I have a dataset containing a POSIXct column named as date
. Observations (rows) are separated from each other by intervals of 5 minutes. Unfortunately, after a certain time a lag appear between two observations delaying the rest of the data frame.
In that example, 2022-05-31 09:40:00
-> 2022-05-31 09:48:27
, instead of 2022-05-31 09:45:00
.
I would like to correct it to have back "minutes" values of the POSIXct finishing by 5 or 0 (seconds are not necessary and can be removed).

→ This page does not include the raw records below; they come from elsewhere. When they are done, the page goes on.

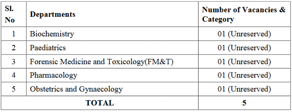 Qualification: A MCI  recognized  postgraduate  Medical  degree  viz.  MD/MS/DNB in  the respective discipline from a recognized University/Institute.
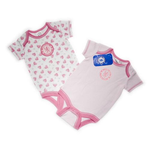 Chelsea Football Club Girls 2 Pack Bodysuits (White/Pink, 3 to 6 Months)
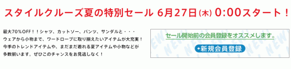 株式会社ベイクルーズ(東京都渋谷区、代表:窪田祐)が運営するファッション通販サイト「StyleCruise|スタイルクルーズ(http://style-cruise.jp/)」は、2013年6月27日(木)午前0時より夏のセール「Style Cruise 2013 SUMMER SALE」を開催いたします。JOURNAL STANDARD、Spick and Span、IENA、EDIFICEなど人気ショップの夏の新作・定番アイテムなどが最大で70%OFFになります。この機会にぜひスタイルクルーズでのショッピングをお楽しみください。

The final purpose is to merge the dataset with another one. I would then prefer have one missing value due to a lag correction, than an entire part of my dataset despairing due to the impossibility to merge value.
An example of my dataset:
structure(list(date = structure(c(1653983700, 1653984000, 1653984300,
1653984600, 1653984900, 1653985200, 1653985500, 1653985800, 1653986100,
1653986400, 1653986700, 1653987000, 1653987300, 1653987600, 1653987900,
1653988200, 1653988500, 1653988800, 1653989100, 1653989400, 1653989700,
1653990000, 1653990507, 1653990807, 1653991107, 1653991407, 1653991707,
1653992007, 1653992307, 1653992607, 1653992907), tzone = "UTC", class = c("POSIXct",
"POSIXt")), `Pressure[cmH2O]` = c("983.800", "983.917", "983.800",
"984.383", "984.325", "984.033", "984.208", "984.325", "984.617",
"984.208", "984.325", "984.208", "984.325", "984.092", "984.383",
"984.208", "984.383", "984.500", "984.500", "984.500", "984.500",
"971.083", "972.367", "984.967", "985.258", "984.792", "984.675",
"984.792", "984.792", "984.967", "984.967")), row.names = c(NA,
-31L), class = c("tbl_df", "tbl", "data.frame"))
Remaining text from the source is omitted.